The hurricane finally made landfall in the city on Monday, October 29, flooding streets, knocking out electricity, destroying homes, and causing tens of billions of dollars in damage. Everyone in New York was affected by the storm in some way. But because of CHCA’s hard work and preparation, “no clients were imperiled,” said Ralph Lozada, executive associate to the president at CHCA. “At the end of the day, people got the care they needed.”
Extraordinary People
“Basically, we have a bunch of pretty extraordinary people that work for us,” Anavitate said — referring to all of CHCA’s aides, coordinators, and managers. During the storm, some aides told her that they were staying with their clients no matter what. “One of them was with a bed-bound patient that [needs] total care, and the aide decided on her own that she was not going to leave the patient,” she said. “Even if we paid her, yes or no.” (In the end, aides were paid for all the hours they stayed with their clients.)

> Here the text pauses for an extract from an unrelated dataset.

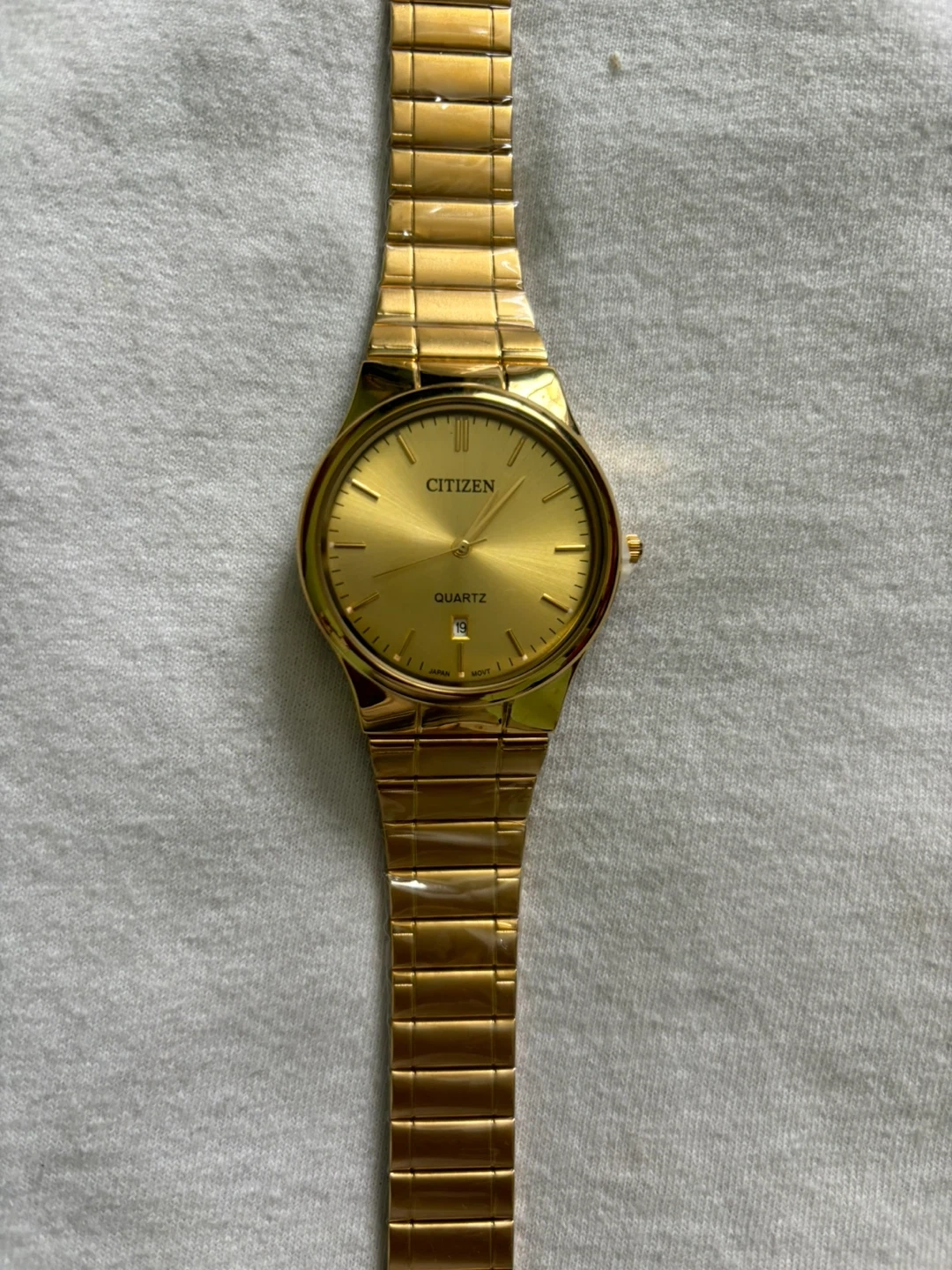 This is a classic gold-tone Citizen quartz watch. It features a clean, sunburst dial with a date complication. The bracelet is also gold-tone metal. It's a reliable timepiece.

“We have become accustomed to dealing with natural disasters and those that are not so natural, such as transit strikes,” said CHCA President/CEO Michael Elsas. “No amount of preparation is ever adequate. When it comes down to it, the bulk of the home care delivery system always relies on the dedication, caring, and reliability of the home care worker. It simply astounds me.”
McFarlane, the client in lower Manhattan, certainly appreciated the dedication and reliability of Murray. Asked what he would tell Murray about their shared storm experience, MacFarlane said he would say, “Thank you for sticking it out.
“Lots of people would complain, but the job was her priority at that time,” he added. The storm was difficult, and occasionally frightening; McFarlane kept worrying that his first-floor apartment would flood. But Murray helped him through it.
“Life has its adversities, and you just sort of have to go with the flow,” McFarlane said. “If you’re with people who care about you, it’s even better.”